### Exercise
Retype only the lines that run from the top of the material below to the line bearing "W części ilustracyjnej", inclusive, and keep the pictures out.

### Supplied material
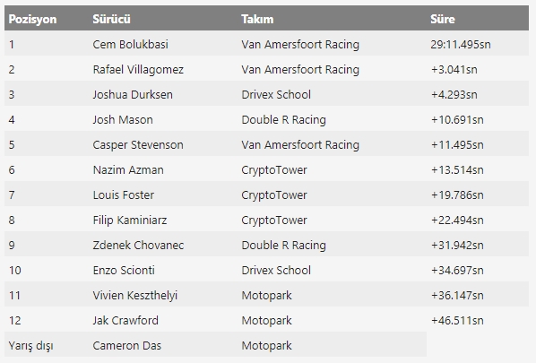 Yarışın 6. turunda Cameron Das blokaj yaptı ve pistten taştı. Lastiğinin aldığı hasar yüzünden de bir sonraki virajda lastik patlattı. Ardından pite kadar ulaşmayı başarsa da yarış dışı kalmaktan kurtulamadı. Liderliği alan Cem Bölükbaşı, yarışın sonuna kadar yerini korumayı başardı.Bu galibiyetle birlikte Van Amersfoot Racing takımı da ilk galibiyetini almış oldu. Bölükbaşı'nın arkasından da takım arkadaşı Villagomez geldi ve takım yarışta duble yapmış oldu. Yarışın ardından bir açıklama yapan Bölükbaşı, "Daha iyi bir başlangıç olamazdı, ilk galibiyetim 5. sıradan başlayarak geldi. Çok iyi bir start alamadım, devirleri istediğim gibi ayarlayamadım ancak iyi bir ilk tur geçirdik, 1 ve 2. virajdaki hataları değerlendirdik. Sonrasında da lider hata yaptı ve biz de yarışı sorunsuz bir şekilde bitirdik. Böyle düşününce bu gerçekten inanılmaz." dedi.Bugün gerçekleştirilecek olan
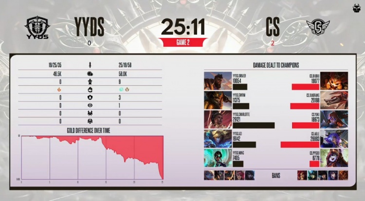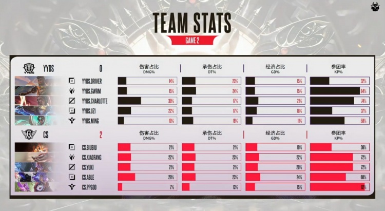 第二局前期双方你来我往人头交替上升,Charlotte梅尔中路单杀Yuki阿萝拉,Able队越下击杀Uzi伊泽瑞尔,打出0换3,双方经济持平。
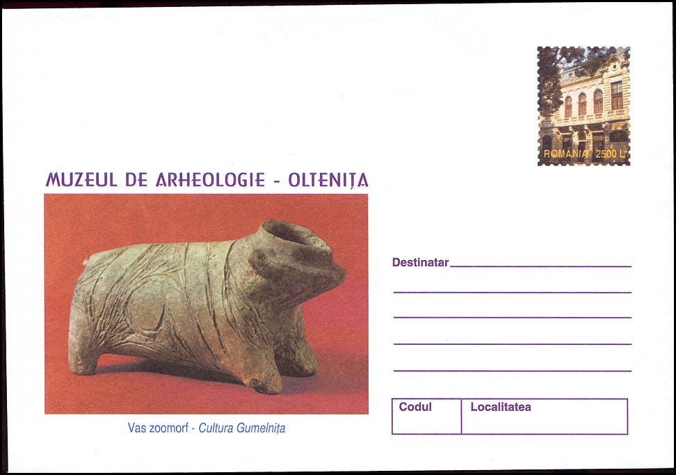 W części ilustracyjnej naczynie gliniane o dwóch szyjkach kultury Gumelniţa (ok. 4300–4100 BC) ze stanowiska Măgura Gumelniţa w Olteniţa (okr. Călăraşi, Wołoszczyzna), a powyżej widok Muzeul Naţional de Istorie a României w Bukareszcie.
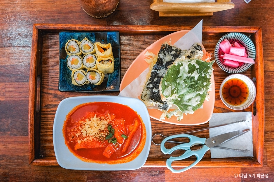 애월튀김간은 일식 수제모듬튀김과 달큰한 국물떡볶이 전문점이다. 메뉴는 떡볶이와 다양한 종류의 튀김들로 구성되어 있는데, 특히 혼자 오는 손님들은 위한 1인 한정 메뉴를 제공한다. 떡볶이와 김밥은 물론, 김말이와 새우, 고구마, 깻잎으로 구성된 튀김까지 알차게 채운 한상 세트메뉴다. 대표 메뉴인 떡볶이는 매콤 달콤한 맛으로 어린 시절에 먹던 추억의 맛을 떠올리게 한다. 김밥은 계란말이 김밥으로, 떡볶이와 함께 먹으면 탁월한 조화를 이룬다. 갓 튀겨낸 튀김들도 재료 본연의 맛과 바삭한 식감이 어우러져 입맛을 돋운다.

### Exercise response
 Yarışın 6. turunda Cameron Das blokaj yaptı ve pistten taştı. Lastiğinin aldığı hasar yüzünden de bir sonraki virajda lastik patlattı. Ardından pite kadar ulaşmayı başarsa da yarış dışı kalmaktan kurtulamadı. Liderliği alan Cem Bölükbaşı, yarışın sonuna kadar yerini korumayı başardı.Bu galibiyetle birlikte Van Amersfoot Racing takımı da ilk galibiyetini almış oldu. Bölükbaşı'nın arkasından da takım arkadaşı Villagomez geldi ve takım yarışta duble yapmış oldu. Yarışın ardından bir açıklama yapan Bölükbaşı, "Daha iyi bir başlangıç olamazdı, ilk galibiyetim 5. sıradan başlayarak geldi. Çok iyi bir start alamadım, devirleri istediğim gibi ayarlayamadım ancak iyi bir ilk tur geçirdik, 1 ve 2. virajdaki hataları değerlendirdik. Sonrasında da lider hata yaptı ve biz de yarışı sorunsuz bir şekilde bitirdik. Böyle düşününce bu gerçekten inanılmaz." dedi.Bugün gerçekleştirilecek olan
 第二局前期双方你来我往人头交替上升,Charlotte梅尔中路单杀Yuki阿萝拉,Able队越下击杀Uzi伊泽瑞尔,打出0换3,双方经济持平。
 W części ilustracyjnej naczynie gliniane o dwóch szyjkach kultury Gumelniţa (ok. 4300–4100 BC) ze stanowiska Măgura Gumelniţa w Olteniţa (okr. Călăraşi, Wołoszczyzna), a powyżej widok Muzeul Naţional de Istorie a României w Bukareszcie.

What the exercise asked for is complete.